__Exercise__
Omit the pictures, but give back every entry below exactly as written.

__Stored records__

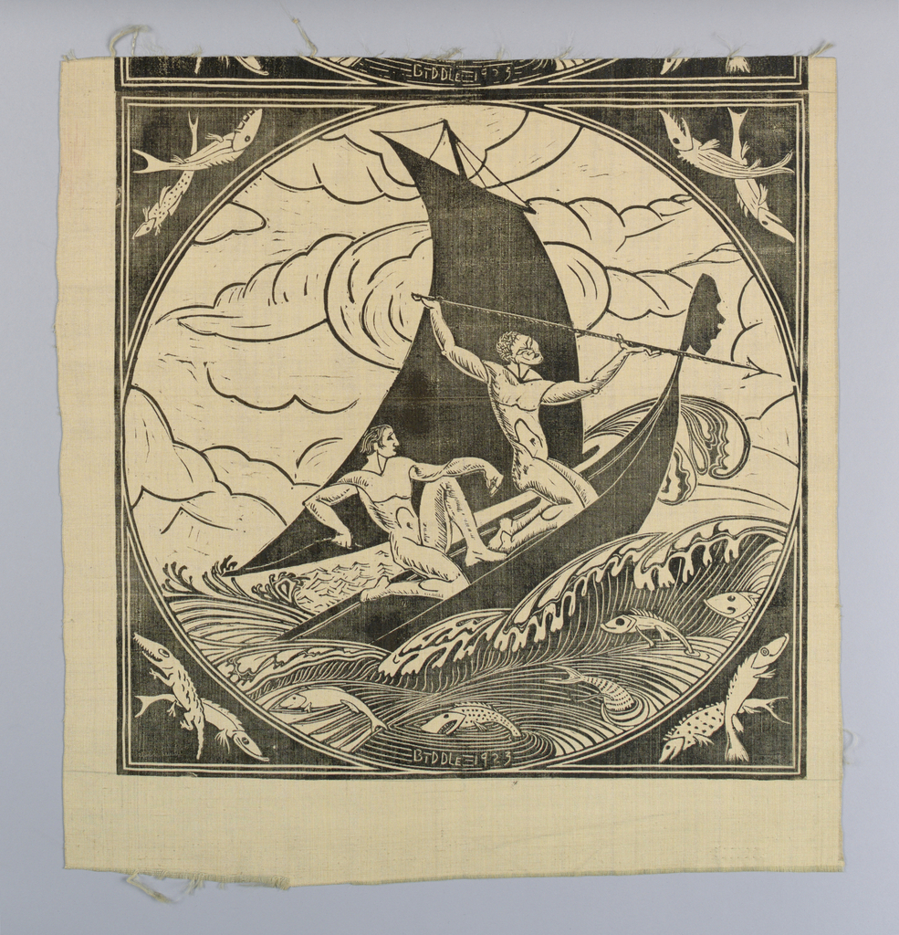 George Biddle (American, 1885–1973) was a prolific American artist who traveled widely to study drawing, print making, sculpting and painting early in his career. In 1919, after military service and a failed marriage, Biddle left for Tahiti to study print making, focusing on linocuts and woodcuts. This hand block print was made after Biddle returned to the United States in 1922 and shows two stylized male figures in a Polynesian-type boat. A schoolmate of Franklin D. Roosevelt at Groton School, Biddle also was instrumental in convincing the President to establish the Federal Art Project of the Works Progress Administration in the 1930s.
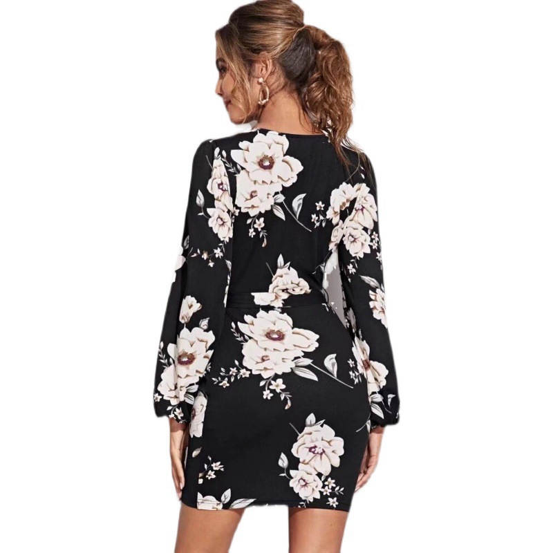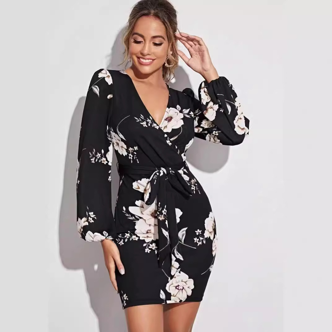 | nameOriginal | Cross-border foreign trade European and American women's clothing Amazon 2024 Summer V-neck printed lace-up waist slim-fit sheath dress |
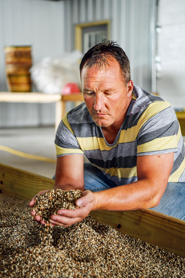 由于美國一些人挑起經貿摩擦,美國農產品遭到其他貿易伙伴反制,出口市場前景黯淡。圖為美國威斯康星州沃索市近郊的農戶喬·海爾愁容滿面地捧起西洋參種子查看,希冀經貿摩擦早日結束。 新華社記者 劉杰/攝
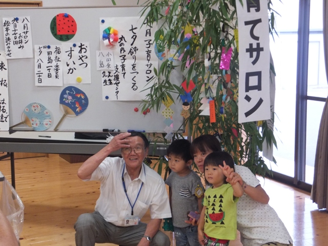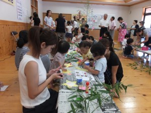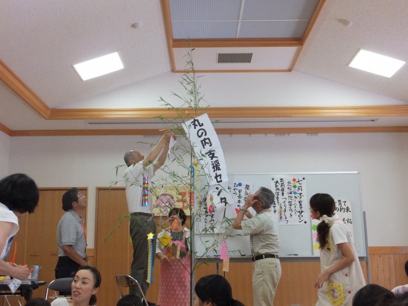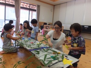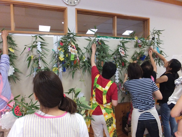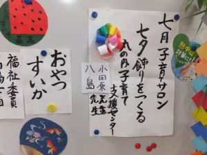 今回の子育てサロンは、「七夕飾り」作り。1週間遅れましたが、丸の内子育て支援センターの保育士さんの指導により、親子で笹に飾り付けや願い事を書いた短冊を飾りました。
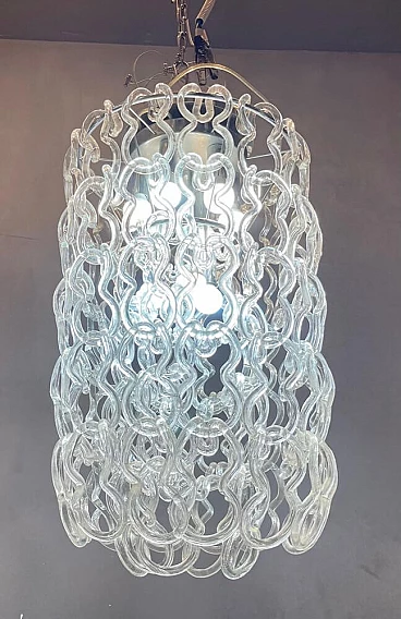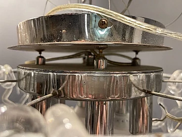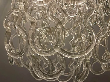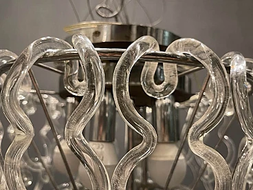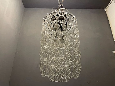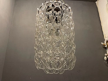 Original mid-century crystal chandelier from the "Giogali" series, produced in Italy between the 1960s and 1970s. Giogali is the collection of lamps designed by Angelo Mangiarotti for Vistosi. It is a decorative chandelier, composed of many transparent Murano glass links that can be playfully hooked onto a chrome-plated metal frame at will. Once the chandelier is turned on, the handcrafted Murano glass meshes refract light. Minimum height 65 cm, Maximum height 100 cm, Width 37, Features 9 lights, Requires E14 bulbs
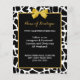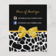 Saiba mais sobre a sua nova butique de moda com estes panfletos de mídia social de impressão de girafa branca e preta com uma imagem de uma fita amarela escura amarrada no arco chic. Personalize este design de impressão na moda, adicionando o nome da sua boutique ou salão, o site e as informações das mídias sociais. Imagem impressa plana, NÃO arco real.
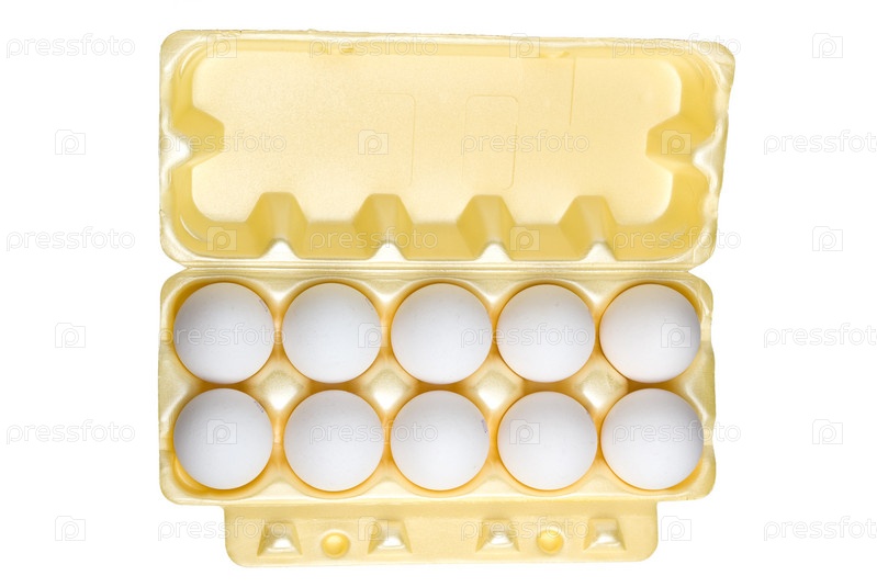 Куриные яйца в упаковке на белом фоне
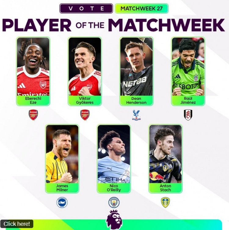 直播吧2月24日讯英超官方公布了本轮最佳球员候选名单,其中阿森纳两将埃泽、约克雷斯在列,具体如下:

__Solution for this exercise__
 George Biddle (American, 1885–1973) was a prolific American artist who traveled widely to study drawing, print making, sculpting and painting early in his career. In 1919, after military service and a failed marriage, Biddle left for Tahiti to study print making, focusing on linocuts and woodcuts. This hand block print was made after Biddle returned to the United States in 1922 and shows two stylized male figures in a Polynesian-type boat. A schoolmate of Franklin D. Roosevelt at Groton School, Biddle also was instrumental in convincing the President to establish the Federal Art Project of the Works Progress Administration in the 1930s.
 | nameOriginal | Cross-border foreign trade European and American women's clothing Amazon 2024 Summer V-neck printed lace-up waist slim-fit sheath dress |
 由于美國一些人挑起經貿摩擦,美國農產品遭到其他貿易伙伴反制,出口市場前景黯淡。圖為美國威斯康星州沃索市近郊的農戶喬·海爾愁容滿面地捧起西洋參種子查看,希冀經貿摩擦早日結束。 新華社記者 劉杰/攝
 今回の子育てサロンは、「七夕飾り」作り。1週間遅れましたが、丸の内子育て支援センターの保育士さんの指導により、親子で笹に飾り付けや願い事を書いた短冊を飾りました。
 Original mid-century crystal chandelier from the "Giogali" series, produced in Italy between the 1960s and 1970s. Giogali is the collection of lamps designed by Angelo Mangiarotti for Vistosi. It is a decorative chandelier, composed of many transparent Murano glass links that can be playfully hooked onto a chrome-plated metal frame at will. Once the chandelier is turned on, the handcrafted Murano glass meshes refract light. Minimum height 65 cm, Maximum height 100 cm, Width 37, Features 9 lights, Requires E14 bulbs
 Saiba mais sobre a sua nova butique de moda com estes panfletos de mídia social de impressão de girafa branca e preta com uma imagem de uma fita amarela escura amarrada no arco chic. Personalize este design de impressão na moda, adicionando o nome da sua boutique ou salão, o site e as informações das mídias sociais. Imagem impressa plana, NÃO arco real.
 Куриные яйца в упаковке на белом фоне
 直播吧2月24日讯英超官方公布了本轮最佳球员候选名单,其中阿森纳两将埃泽、约克雷斯在列,具体如下:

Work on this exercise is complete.